Kurz: In Deutschland und der Schweiz sollten Sie das nicht tun. Viele Anleitungen empfehlen Bildschirmrecorder, um die Host-Sperre zu umgehen – das ändert nichts an der Rechtslage. Eine heimliche Aufnahme des nichtöffentlich gesprochenen Worts ist nach § 201 StGB (DE) bzw. Art. 179bis StGB (CH) strafbar und DSGVO-widrig. In Österreich ist als Teilnehmer die reine Aufnahme weniger heikel, die Weitergabe aber sehr wohl. Der saubere Weg ist immer: vorher fragen, Einwilligung dokumentieren, transparent aufnehmen. Oft brauchen Sie für ein Protokoll ohnehin keine Voll-Aufnahme (siehe unten).
▶ Vor-Ort-Termine erfassen, ohne sie in eine US-Cloud zu schicken. Zoom deckt Ihre Online-Calls ab – aber das Kick-off im Raum, der Kundenbesuch oder die Baustellenbegehung erreicht kein Meeting-Bot. Kuno ist ein datenschutzfreundlicher KI-Sprachrekorder made in Germany, der Präsenzgespräche on-device transkribiert, EU-gehostet speichert und niemals zum KI-Training nutzt. Ein sichtbarer Aufnahme-Indikator und ein One-Tap-Stopp machen die Einwilligung für alle nachvollziehbar. Frühen Zugang sichern →
Kuno: für die Präsenz-Hälfte Ihrer Meetings
Zoom ist für den Online-Call gemacht. Sobald das Gespräch aber im Raum stattfindet – Workshop, Außendienst, Beratung – springt die Software-Aufnahme ab. Genau hier setzt Kuno an: ein on-device transkribierender Rekorder, bei dem das Audio den Raum nicht verlässt. Statt Cloud-Verarbeitung in fremder Infrastruktur bleiben Inhalte EU-gehostet und werden nicht zum Modelltraining verwendet. Der sichtbare Aufnahme-Indikator und der physische Stopp-Schalter dokumentieren die Einwilligung sauber – der entscheidende Unterschied gegenüber heimlichen Bildschirmrecordern. Für die Online-Hälfte nutzen Sie Zooms Bordmittel, für die Präsenz-Hälfte Kuno.
FAQ
Warum sehe ich den Aufzeichnen-Button nicht? Sie sind kein Host und haben keine Freigabe – oder die lokale/Cloud-Aufnahme ist in den Kontoeinstellungen deaktiviert. Bitten Sie den Host oder Admin um Freischaltung und aktualisieren Sie die App.

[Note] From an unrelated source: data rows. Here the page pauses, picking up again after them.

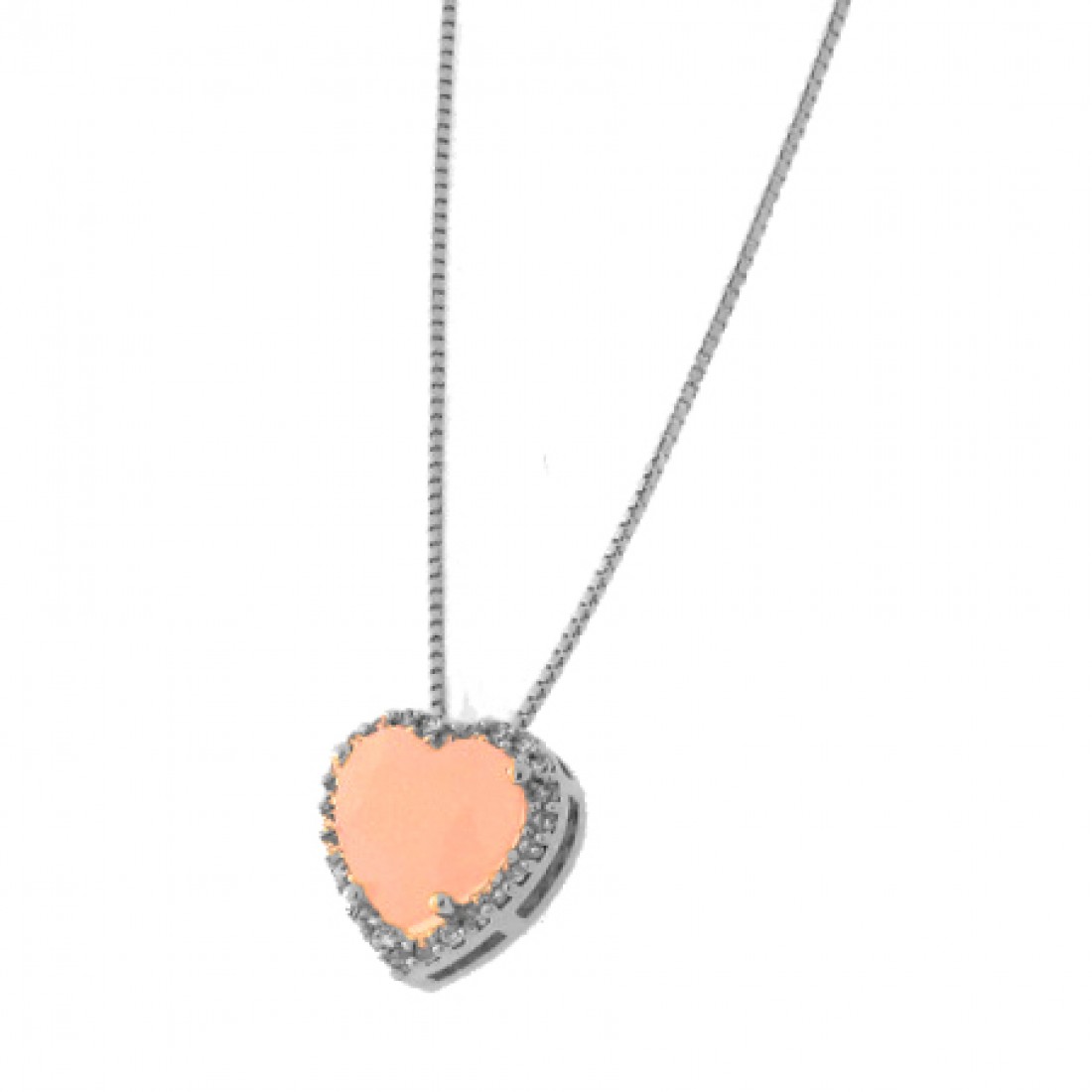 Colar coracao pedra maior rosa leitoso com zirconia cristal em volta, prata com banho de ouro...
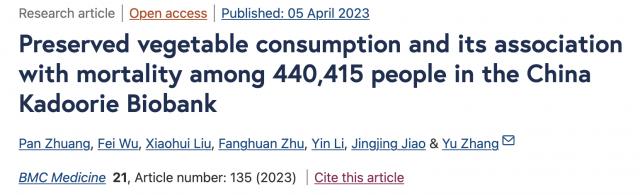 [ 1 ] Zhuang, P., Wu, F., Liu, X. et al. Preserved vegetable consumption and its association with mortality among 440,415 people in the China Kadoorie Biobank. BMC Med 21, 135 ( 2023 ) . https://doi.org/10.1186/s12916-023-02829-3
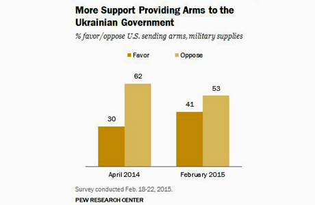Прихильників надання Києву зброї усе ще меншість, але їхня кількість за останній рік зросла на 11%.
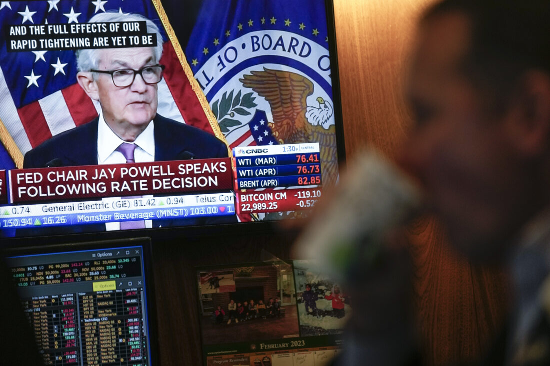 Traders on the floor at the New York Stock Exchange watch Federal Reserve Chair Jerome Powell’s news conference after the Federal Reserve interest rate announcement in New York on Feb. 1, 2023. A flood of data reports since the start of February have forced Wall Street to bring its forecasts for rates closer to the Fed’s. Key among them were reports showing inflation at both the consumer and wholesale levels isn’t slowing as quickly or as smoothly as hoped. AP photo
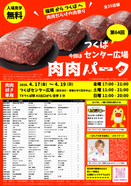 人気店、全35店舗、みんな大好き、お肉人気店が大集合!各店自慢のお肉料理を提供する。中には肉肉パーク限定メニューも。
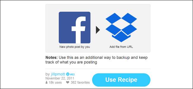 Będziesz potrzebować bezpłatnego konta Dropbox (lub możesz użyć istniejącego) i będziesz potrzebować bezpłatnego konta IFTTT. Uzbrojony w te dwie rzeczy i konto na Facebooku, możesz następnie podłączyć te wartości do [an IFTTT recipe that automatically backs up your new Facebook uploads to Dropbox] (https://ifttt.com/recipes/9075-keep-all-the-photos-you-upload-to-facebook-in-one -bezpieczne miejsce).
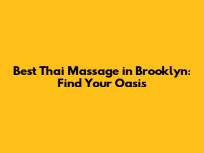 Best Thai Massage In Brooklyn: Find Your Oasis

In welchem Format speichert Zoom?
Lokale Aufnahmen als Zoom_0.mp4 (Video) und audio_only.m4a (Audio); Cloud-Aufnahmen als MP4 mit Teilen-Link.
Werden Teilnehmer informiert, wenn ich aufnehme? Ja, Zoom blendet eine Benachrichtigung ein. Diese ersetzt in Deutschland und der Schweiz aber nicht die erforderliche aktive Einwilligung.
Kann ich nur den Ton aufzeichnen?
Ja – die lokale Aufnahme erzeugt zusätzlich eine reine Audiodatei (audio_only.m4a); optional sogar je Teilnehmer getrennt.
Meine Aufnahme wurde nicht gespeichert – was tun?
Suchen Sie im Zoom-Ordner nach einer nicht konvertierten .zoom-Datei und stoßen Sie die Konvertierung per Doppelklick erneut an. Schließen Sie Zoom nach einem Meeting nie, bevor die Umwandlung abgeschlossen ist.
Wie lange darf ich die Aufnahme speichern? Nur so lange wie für den Zweck nötig (DSGVO-Zweckbindung). Legen Sie eine Löschfrist fest und halten Sie sie ein.